Pierre Poilievre Wants Radical Austerity for Canada
Conservative Pierre Poilievre’s politics aren’t just about populism — they’re grounded in Milton Friedman’s radical vision of free markets. If he is elected prime minister, Poilievre promises a Canada where the welfare state is “out of business.”

Canadian Conservative Party leader Pierre Poilievre speaks at a rally on March 27, 2024, in Edmonton, Canada. (Artur Widak / NurPhoto via Getty Images)
Within the next six months, Canada is likely to witness a turn toward more aggressive right-wing politics.
This shift was set in motion by the resignation of Justin Trudeau as the leader of the Liberal Party, though he remains prime minister for the short remainder of his government’s term. It appears nearly inevitable that Pierre Poilievre and the Conservatives will form a government — likely a strong majority government, capable of governing with near impunity.
Much has been written about Poilievre in recent years, often framing him as the champion of the Freedom Convoy, anti-lockdown politics during the height of COVID-19, or a right-wing populist fighting against woke tyranny. While these characterizations highlight key elements of his political strategy, they risk oversimplifying his ideology. Poilievre is not merely a populist reactionary; he is a deeply ideological figure with a long-standing engagement with neoliberal thought, particularly the ideas of Milton Friedman. His contemporary anti-state politics are grounded in this intellectual lineage, not just in right-wing virtue signaling. Understanding Poilievre’s ideological foundations is critical to grasping the broader implications of his rise — and the threat it poses.
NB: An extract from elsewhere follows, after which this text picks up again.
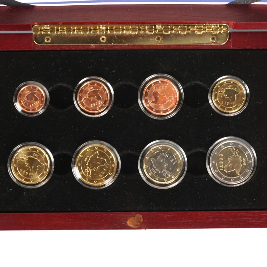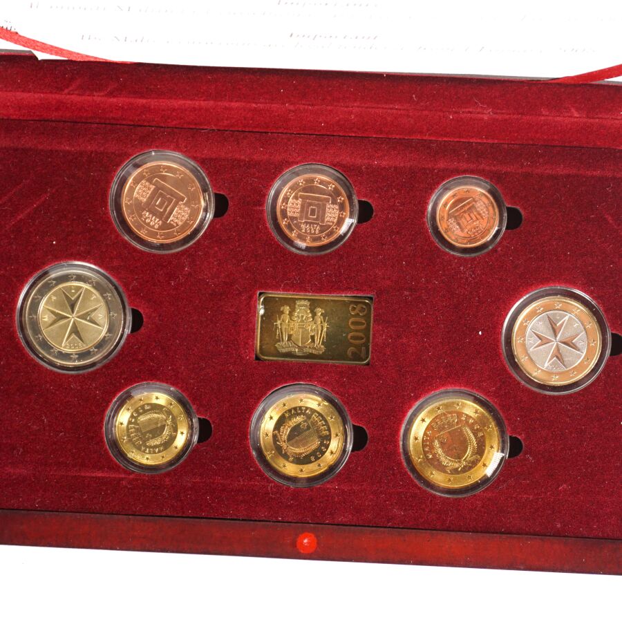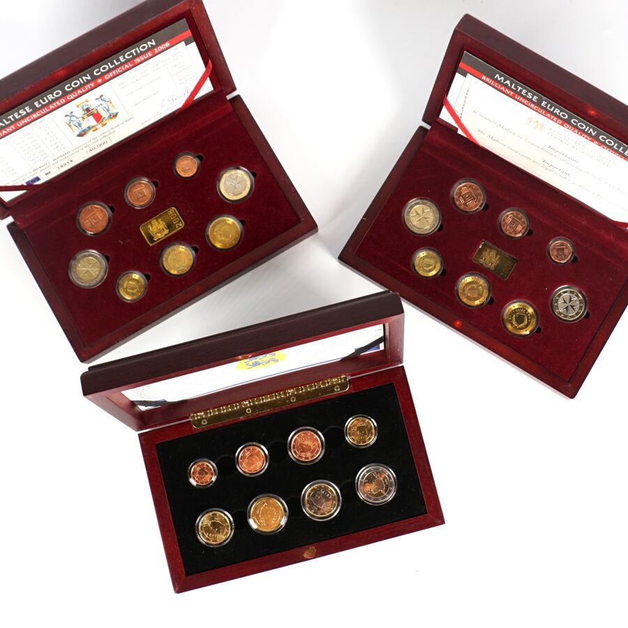 EURO : Lot de 3 coffrets comprenant : - Estonie 2011 : 8 monnaies), - (x2) Malte BU 2008 : 8 monnaies et 1 lingotin.

Poilievre’s Libertarian Roots
Poilievre has often expressed admiration for Friedrich Hayek and the Virginia School of public choice founders James M. Buchanan and Gordon Tullock. However, his most consistent and fervent ideological inspiration comes from Friedman’s radical libertarian critiques of the state. This is evident in Poilievre’s decades-long proselytizing in the name of two of Friedman’s most significant books: 1962’s Capitalism and Freedom and 1963’s A Monetary History of the United States, 1867–1960.
During his formative years in Calgary, he became an avid reader of Capitalism and Freedom, shaping his worldview around Friedman’s ideas about voluntary exchange versus coercion, economic freedom versus the bureaucracy of the welfare state, and the role of inflation and monetary theory. These ideas informed many of his university essays, including his 1999 scholarship-winning “Building Canada Through Freedom” essay.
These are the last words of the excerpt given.